Jackson Hole Economics

A 100-day Agenda to Reunite America

Originally published at Project-Syndicate | July 1, 2020

Four years ago, US President Donald Trump looked out at America – and the American people – and saw nothing but carnage. He saw hopelessness and despair, then delivered more of it.

What any normal person looking at America would see today is courage – breathtaking, almost unimaginable courage: the courage of nurses and doctors fighting an insidious, invisible enemy; the courage of young and old, black and white demanding equal treatment by the law and before the law; the courage of the men and women in our military, our FBI, and our intelligence services defending our nation with the devotion they have always shown, even under a president who takes the word of Russia’s Vladimir Putin over theirs. Here is the very best of America, and Trump is blind to it.

For a nation looking for hope four years ago, our elected president offered only contempt. Contempt for our institutions. Contempt for our democracy and the idea that opposition is not treason. Contempt even for the norms of civil behavior.

For four years we have had a president who offered only mendacity, rage, division, and intimidation. Intimidation of his opponents, of course, but also intimidation of anyone (businesses, philanthropies, even church leaders) who dared to disagree with him.

After four years of a president deliberately trying to divide the house that is America, we can and must heal our divisions. Our divisions of race. Our divisions of inequality. Our divisions of want and fear.

After four years of presidential sneering at our friends around the world by a leader offering praise to and even “falling in love” with our deadliest enemies, we can and must restore our alliances and our global leadership so as to make all Americans stronger and safer. We can and must restore trust in America.

After four years of a president inciting hate and rage and fanning racial animosity, our house can and must and will be reunited. It will stand once again as a beacon to the world.

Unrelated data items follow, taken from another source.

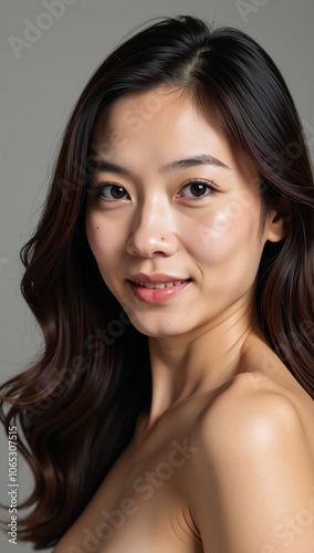 A radiant Thai woman with beautiful curls exudes confidence in an adult doll-style portrait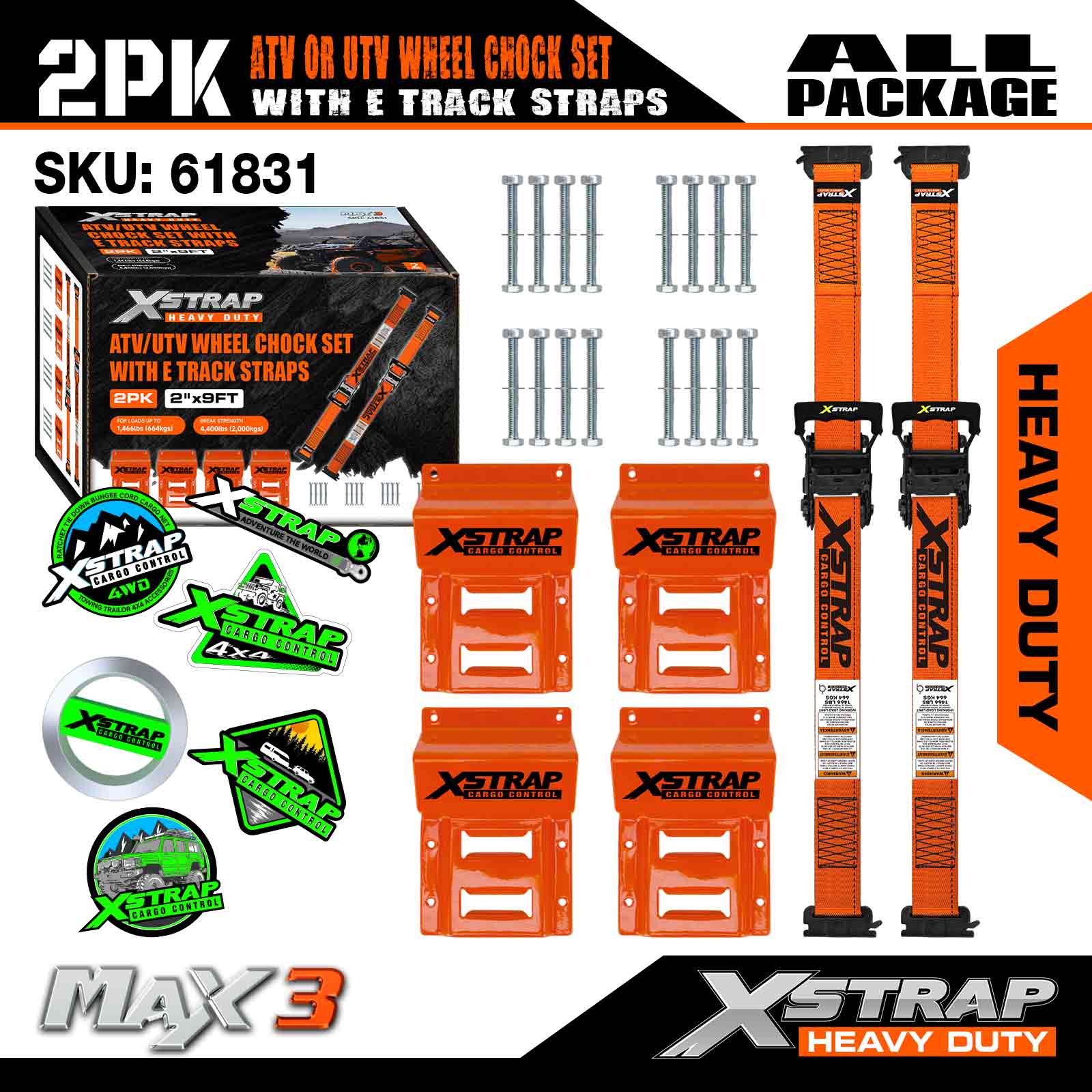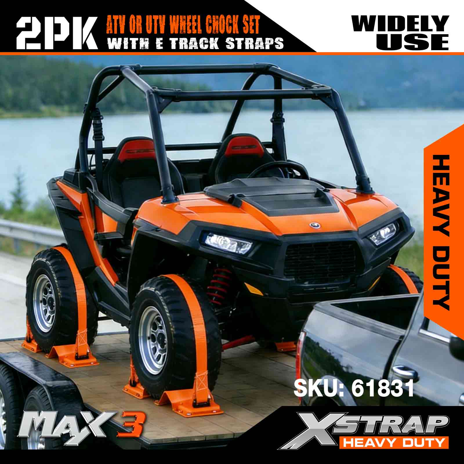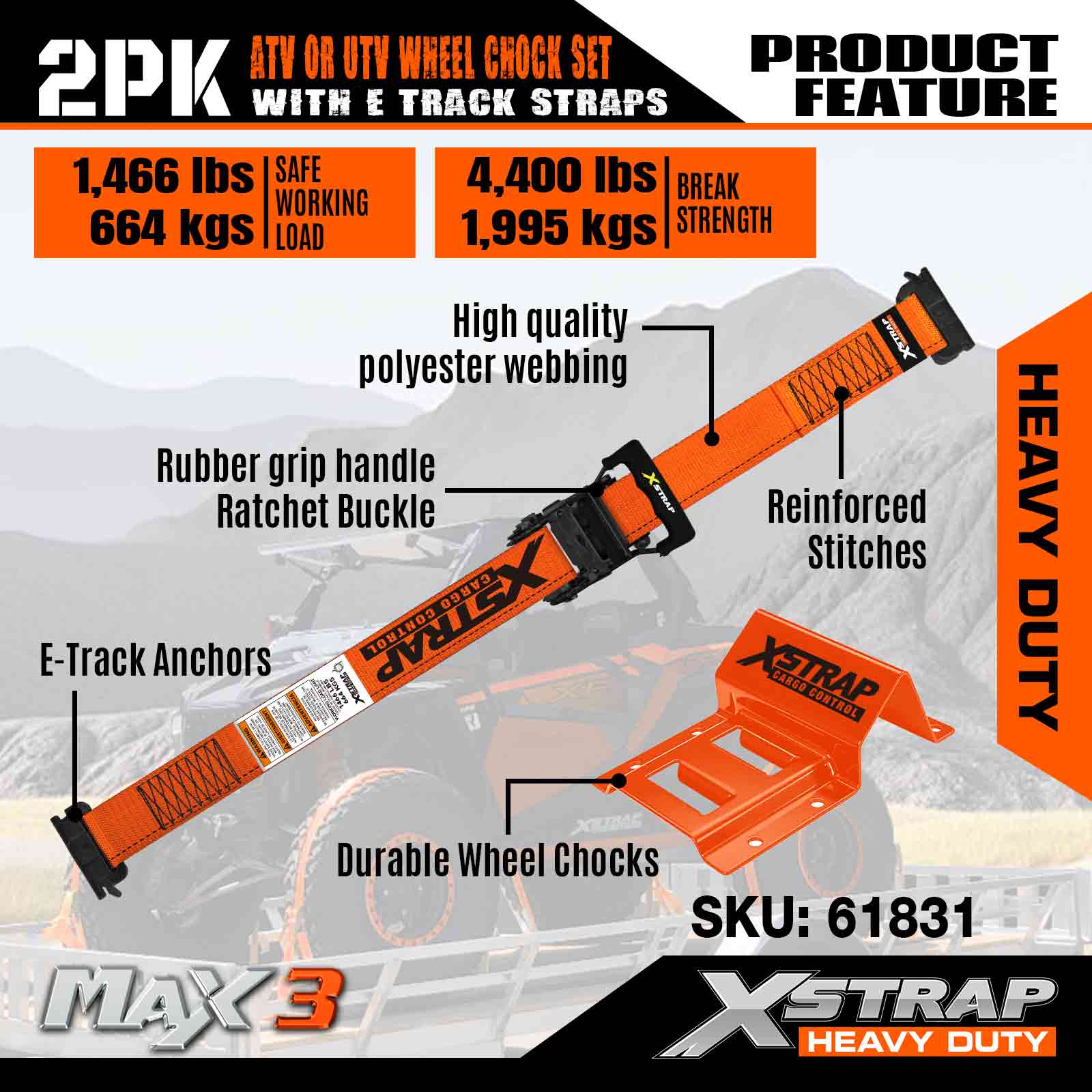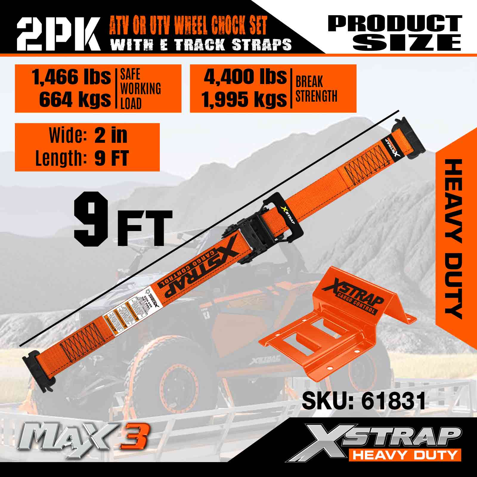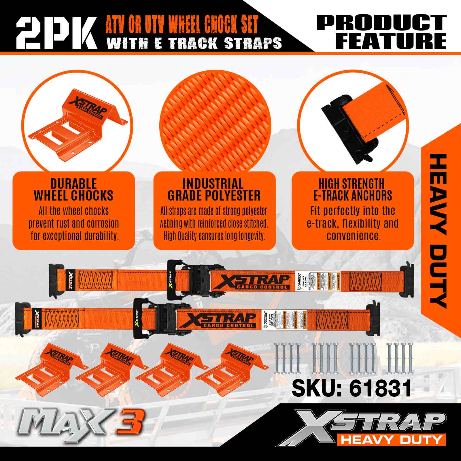 Xstrap UTV Roth Chock Ceangail Síos Kit 4,400lb Neart Briseadh (4) Leantóir Dualgas Trom Strapaí Ratchet mBonn (8) Chocks Rothaí - Córas Rian E le haghaidh ATV, UTV, lomaire faiche Ceithre Roth - Oráiste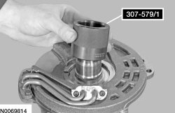 175. Remove the Support Solid Seal Installer 307-579 (includes 307-579/2 and 307-579/3) from the stator support assembly.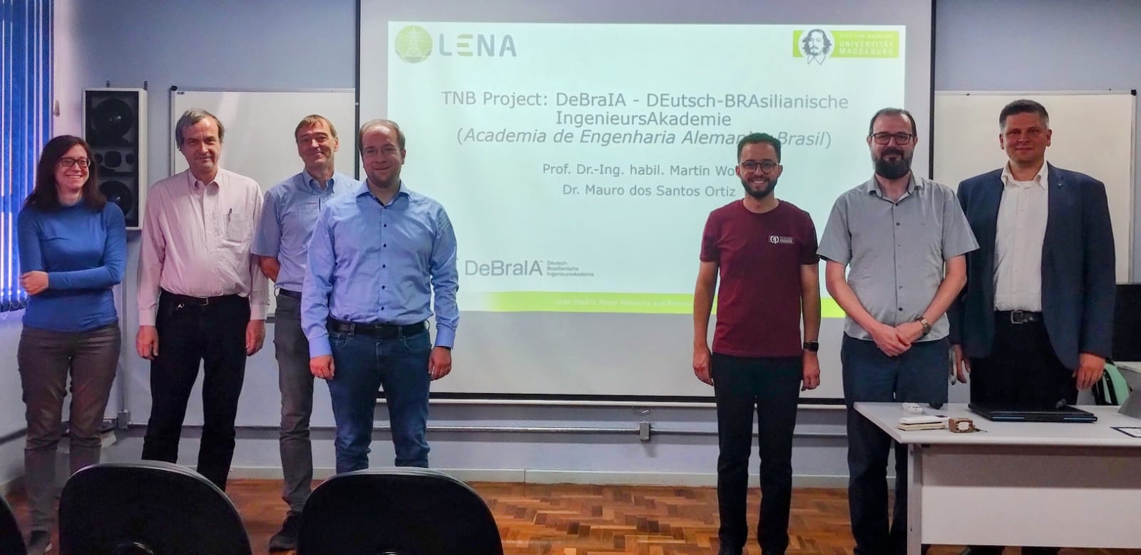 A delegation from Otto von Guericke University Magdeburg, consisting of Prof. Andreas Lindemann, Prof. Fabian Lurz, Prof. Martin Wolter, Dr.-Ing. Mauro dos Santos Ortiz (coordinator of the DeBraIA program), Prof. Dr.-Ing. Nicole Gehring, and Prof. Dr.-Ing. Ralf Vick, visited the Universidade Federal de Santa Maria (UFSM) in Brazil at the beginning of November 2025. The focus of the working week was on deepening the strategic partnership in the field of electrical engineering and consolidating the joint double degree master's program between the Faculty of Electrical Engineering, Information Technology and Mathematics (FEIT/OVGU) and the PPGEE/UFSM. At the beginning of the visit, professors from both universities completed the drafting of a new agreement (Specific Double Degree Agreement); the document is now being reviewed by the legal departments of both institutions.

This is a moment that demands an Abraham Lincoln or a Franklin D. Roosevelt because we face challenges on a scale equal to those they faced. But the truth is that Lincoln and FDR succeeded because their audacity was answered by the American people with an equal audacity, an equal boldness, an equal belief in America. So, next January 20, we can follow their example and address our society’s deepest wrongs and most glaring needs with an equal boldness, an equal audacity.

The Lincoln Project has laid out the choice before us in the starkest terms imaginable: America or Trump. And this is not overheated election-year rhetoric – our nation is in genuine crisis. Hundreds of thousands of our friends and family are suffering or dying. One-quarter of our jobs have evaporated. Citizens have massed for protests in over 140 US cities, fueling public discord around the world. Our institutions are being vandalized from within in ways that the Founding Fathers could never have contemplated.

Beyond our borders, pity and bewilderment have replaced admiration as the feelings most commonly expressed about our country. The only thing Americans can agree on is that we are on the wrong course.  

In this disorienting fog, finding clarity about how things might improve is no easy task. Finding the words and the vision to reunite us may be harder. But found they must be, despite all the distortions of social media.

That monumental task will fall to Joe Biden. As November 3 approaches, it will soon be time for him to speak above the din and articulate the steps he would take in his first 100 days as president to restore our nation to itself, and to its true leadership role in the world.